Prof. Randy Katz has been inducted into the Silicon Valley Engineering Hall of Fame "for his contributions to storage and computer systems, distinguished national service, and by his exemplary mentorship and teaching that have contributed to the Silicon Valley technical community and industries."  Katz, who is also an alumnus (M.S. '78/Ph.D. '80), co-developed the redundant array of inexpensive disks (RAID) concept for computer storage along with Prof. Emeritus David Patterson and fellow alumnus Garth Gibson, in their 1988 SIGMOD Conference paper "A Case for Redundant Arrays of Inexpensive Disks (RAID)."  Silicon Valley Engineering Council (SVEC) Hall of Fame inductees have demonstrated significant engineering or technical achievements, provided significant guidance in new and developing fields of engineering-based technology, and/or have managed or directed an organization making noteworthy contributions in design, manufacturing, production, or service through the uses of engineering principles and applications.
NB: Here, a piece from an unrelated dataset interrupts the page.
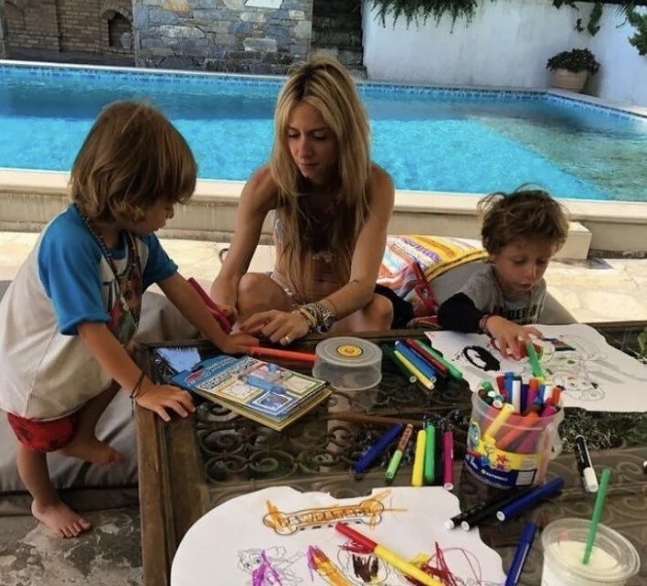 Είναι ροκ, ζεστό με όμορφα χρώματα, ενώ κυριαρχεί το ξύλο και τα ιδιαίτερα αντικείμενα στη διακόσμηση. Πρόκειται για μία cozy κατοικία, με λευκές και ξύλινες αποχρώσεις, πισίνα, γήπεδο τένις και μπάσκετ, ευρύχωρους χώρους ακόμη και μποστάνι.

Diane Greene shares insight at Dreamforce conference

CS alumna Diane Greene (M.S. '88) sat down with Ginni Rometty and Marc Benioff at the Dreamforce conference last week to talk about women leaders in tech.  Greene, who is currently the CEO of Google Cloud, started out designing offshore oil structures and systems before becoming a software engineer.  She founded several successful companies, most notably VMware, which created the market for virtualization.  She and Rometty, who is the CEO of IBM, stand among the ranks of the tech giants of industry--almost all of whom are men.   They discussed their careers, leadership philosophies, and how they approach their responsibilites as women in power.

Wu-Fu Chen elected to Crown Bioscience Board of Directors

CS alumnus Wu-Fu Chen (Ph.D. '77) has been elected to the Board of Directors of Crown Bioscience Inc., a global drug discovery and development company.  Chen is the Co-Founder and Managing Partner of Acorn Campus Ventures and Partner Emeritus at Mobility Ventures LLC.  He started more than a dozen companies, including Cascade Communications (IPO in Nasdaq, $10B) and Xinwei Telecom (IPO in China, near $30B).  Forbes Magazine ranked Chen as one of the Top 100 Venture Investors in the U.S. and he was recognized by Red Herring magazine as one of the “Top Ten Entrepreneurs of 2000”.   He has been featured on the front page of the Wall Street Journal and was once called the “Most Influential Person” in optical networking by Light Reading magazine.